Il secondo quesito si propone di impedire, abrogando il comma 1 dell’’art. 154 del Decreto Legislativo n. 152/2006, ai privati di ottenere profitto dalla gestione dell’acqua. Il comitato promotore spiega che questo comma “consente al gestore di ottenere profitti garantiti sulla tariffa, caricando sulla bolletta dei cittadini un 7% a remunerazione del capitale investito, senza alcun collegamento a qualsiasi logica di reinvestimento per il miglioramento qualitativo del servizio”.

Per capire meglio i quesiti del referendum e il perché l’acqua debba rimanere pubblica ho contattato telefonicamente Roberto Fumagali del Comitato italiano per il Contratto mondiale sull’acqua.

Ettore Trozzi: Non si parla molto del referendum sull’acqua pubblica, come spiegherebbe i due quesiti ad un normale cittadino?

Roberto Fumagalli: Attraverso due slogan semplicissimi: “fuori i mercanti dall’acqua” e “fuori i profitti dall’acqua”. Quello che vogliamo evitare è che la gestione degli acquedotti finisca nelle mani della speculazione finanziaria, perché in questo modo non sarebbe più controllabile dai cittadini. Ed è importante ricordare che l’acqua è un diritto e lo dichiara anche l’ONU.

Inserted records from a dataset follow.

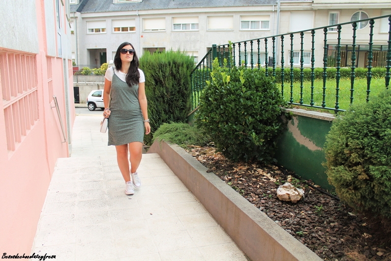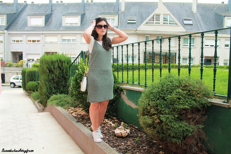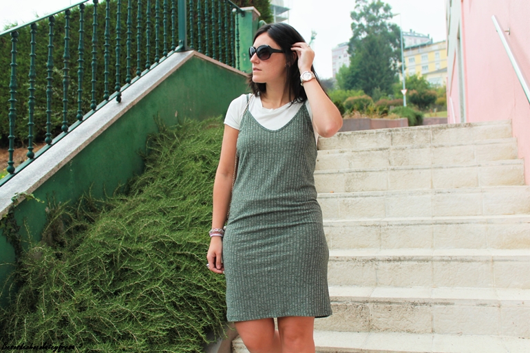 Hoy os muestro un look de entretiempo, pues aún las buenas temperaturas se notan y que duren jejeje. En esta ocasión llevo una prenda muy tendencia este otoño, pues se trata de un vestido de tirantes color kaki con camiseta blanca, de mi tienda online (a veces no me puedo resistir) y separables por lo que si viene un día de mucho calor se puede llevar sin camiseta.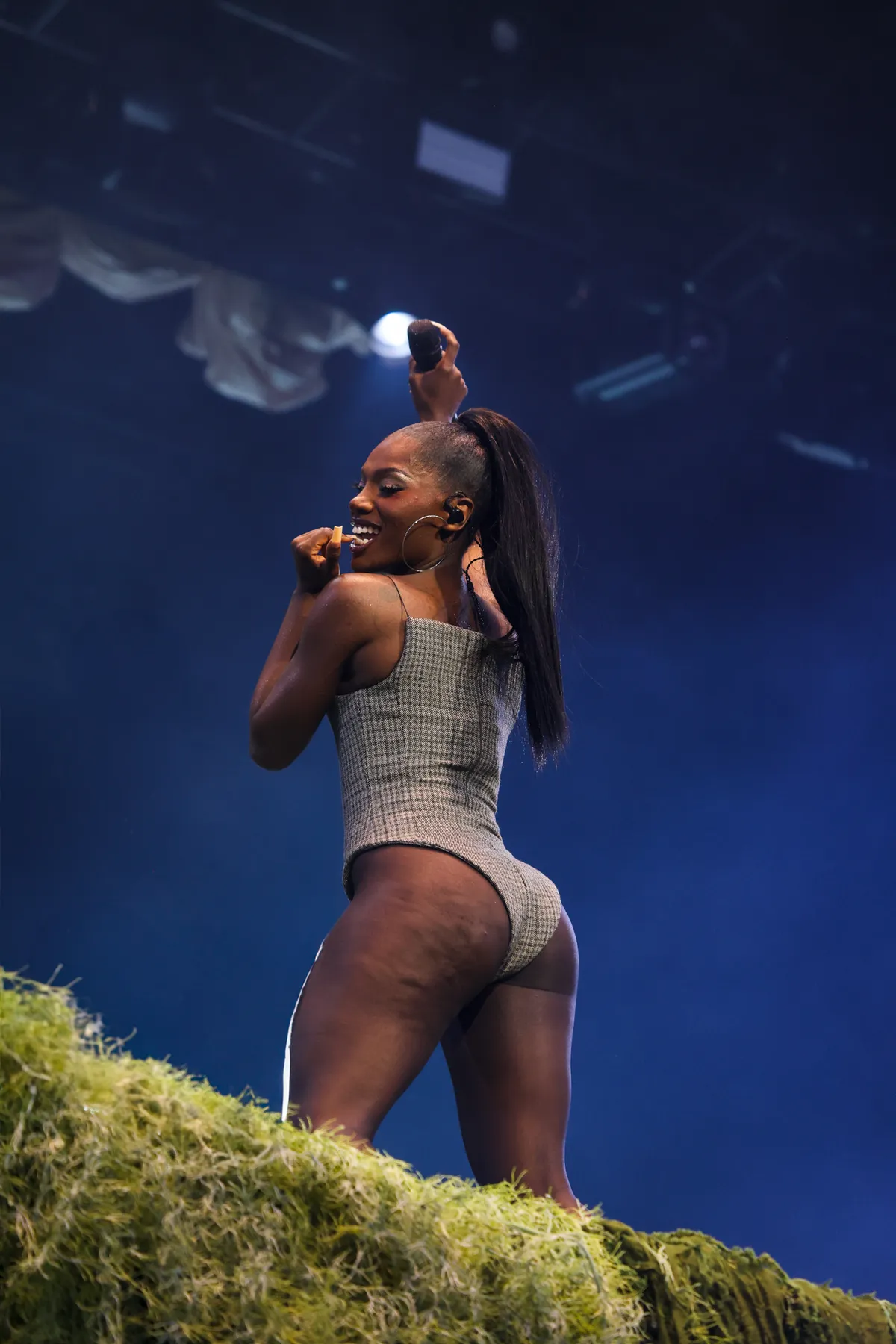Doechii dus. Sinds haar legendarische Tiny Desk-concert en de openlijke lof van Kendrick Lamar schoot haar ster als een vuurpijl de lucht in. Festivals wereldwijd wilden haar strikken, maar in de Benelux was het Pukkelpop dat het eerst toesloeg. Wat we kregen: een fenomeen. Jaylah Ji’mya Hickmon (haar echte naam) stapt het podium op met een joint in de rechterhand, geklemd tussen nagels die langer zijn dan de boulevard van Oostende. Vergezeld door Prada-hakken en een lijf vol glitter is het veld vanaf eerste song 'Nosebleeds' volledig mee.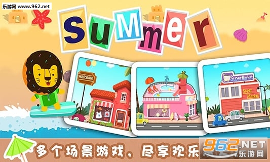 快乐的夏天到了,快和多纳一起去甜甜小镇上玩吧。在小镇上有游泳池,甜品店,超市,和美丽的沙滩。6个场景游戏帮助孩子们全方位感受夏天,同时学习夏日相关词汇,了解日常交流用语。
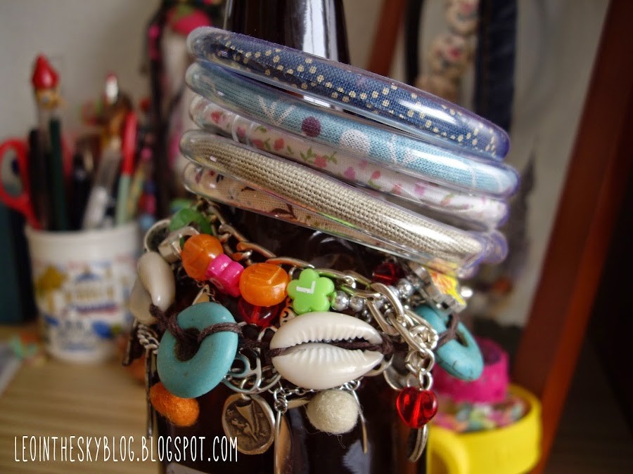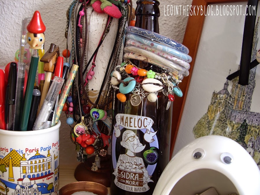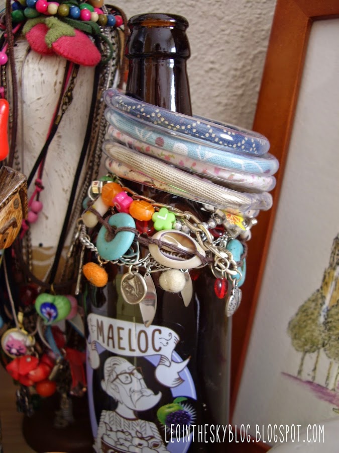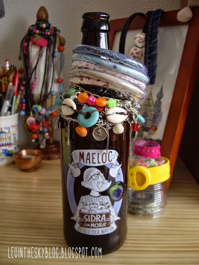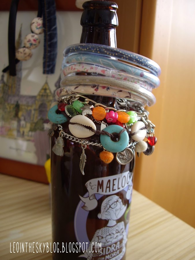 Una vez en casa empecé a pensar para qué la podía usar y el otro día viendo este post de las chicas de Retro y Con Encanto se me iluminó la bombilla...¡pues claro!, ¡para poner pulseras! y desde entonces la botella ha encontrado su sitio y luce orgullosa un montón de pulseras..., algunas os sonarán del Finde Frugal ;)

ET: Mentre il decreto Ronchi…

RF: Il decreto Ronchi considera l’acqua come una merce e che quindi deve essere gestita da società private che vogliono profitto e non gestire un diritto dei cittadini. I quesiti referendari vogliono cancellare queste leggi.

ET: Continui…

RF: Sottraendo i profitti dall’acqua, questi quesiti porrebbero la base per un percorso di vera ripubblicizzazione dell’acqua. I cittadini attraverso i comuni devono poter controllare liberamente questo servizio pubblico. Oggi questo non è possibile perché la legge Galli avvia alle privatizzazioni che consegnano la gestione dell’acqua alle società private. Gli effetti della privatizzazione dell’acqua prevedono aumenti ingiustificati bollette e delle tariffe senza quegli investimenti che la rete idrica avrebbe bisogno; stiamo parlando di 40-60 miliardi di euro. Questi soldi non li apportano i privati e gli investimenti tanto promessi non sono stati portati in porto.

ET: Mi pare di capire che quindi il referendum sia solo il primo passo…

RFIl referendum è il primo passo, quello che viene dopo è rivedere la legge quadro. Noi abbiamo fatto una proposta di legge popolare, che è già sul tavolo dei due rami del parlamento, ma non è stata presa in considerazione. La nostra legge, che ognuno può consultare, dice che l’acqua è un diritto, un bene comune e può essere gesitita solo da comuni con la partecipazione dei cittadini. Questo è, purtroppo, l’opposto di quello che si fa oggi.